Don’t Let the Lights Go Out on Critical Infrastructure Security
As cyberattack prevention becomes an increasingly critical focus of homeland security efforts, industry observers are taking a closer look at the readiness of the nation’s critical infrastructure. Some believe there is reason to worry. Researchers recently revealed that many industrial systems, including some used in public utilities, come with default passwords that are readily available and could be used by hackers to gain remote root access and disrupt services or cause damage. Just last December, at least three of Ukraine’s energy providers suffered cyber attacks that took them offline for about six hours – the first time that a power outage has been directly tied to cybercrime.
On Wednesday, February 3, The Energy Times presented a webcast on this topic, sponsored by Cisco. I was privileged to join a panel of speakers representing the key utility and government leaders responsible for protecting the grid and the American public in a discussion on security challenges in the energy industry and what can be done to further enhance the security of our nation’s power grid.
Some recent publications have narrowly focused only on preparedness for an extended operational failure of critical infrastructure – such as the energy grid – rather than taking a holistic approach to resiliency. But every process needs to be secure – from design, development, implementation and maintenance to end of life. At Cisco, we view value chain security risk from two perspectives. First, we focus on the role of information and communication technology in cyber risk itself. Second, we also focus on the full end-to-end spectrum of the ICT value chain. Accordingly, we’ve developed a framework to build security and trust into the complete value chain.
Creating a firm foundation
The first step in ensuring infrastructure security is to identify the threats. Some of the threats and exposures Cisco has identified include counterfeit, manipulation, espionage and disruption. Organizations and agencies involved with critical infrastructure should keep this in mind as they address comprehensive cybersecurity throughout the industry’s value chain.
Next, we have determined a number of foundational elements that can form a path to comprehensive security:
- Embracing the goal of retaining a supplier’s flexibility to deploy the right security in the right node of its own value chain at the right time.
- Deploying the right security in the right node at the right time in a risk-based manner to ensure economic and operational viability.

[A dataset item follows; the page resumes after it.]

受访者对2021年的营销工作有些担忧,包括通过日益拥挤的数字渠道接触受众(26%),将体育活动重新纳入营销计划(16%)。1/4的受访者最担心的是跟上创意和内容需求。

- Avoiding new, albeit well intended, standards, certification or accreditation schemes or guidelines. Leveraging those already in place should allow swifter implementation and broader adoption. These include standards in the NERC CIP today, and international standards such as ISO 27001, ISO 20243, the NIST cybersecurity framework and ISO 15408 (the Common Criteria).

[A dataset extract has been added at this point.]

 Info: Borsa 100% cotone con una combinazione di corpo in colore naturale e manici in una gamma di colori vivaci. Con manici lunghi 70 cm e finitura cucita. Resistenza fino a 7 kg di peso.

- Confidentially weighing the existence and robustness of a supplier’s own value chain security and resiliency programs as part of procurement decisions should serve to move the needle more swiftly while still allowing for the proprietary innovation that suppliers bring to the table.
Core architecture domains
The third step is to build a flexible security architecture that can be shared and serve as a differentiator across the entire value chain. We suggest identifying core domains within the architecture. For us, those domains include security governance, security in manufacturing and operations and third tier partner security, among others. For a complete list, I encourage you to visit a recent NIST case study that goes deeper into these leading Cisco practices.
Leveraging a flexible security architecture can allow all value chain members to collaborate. The use of existing industry taxonomy, a clear architecture and procurement-based validation methods will ensure enhanced risk management while permitting the flexibility and innovation essential to infrastructure security success.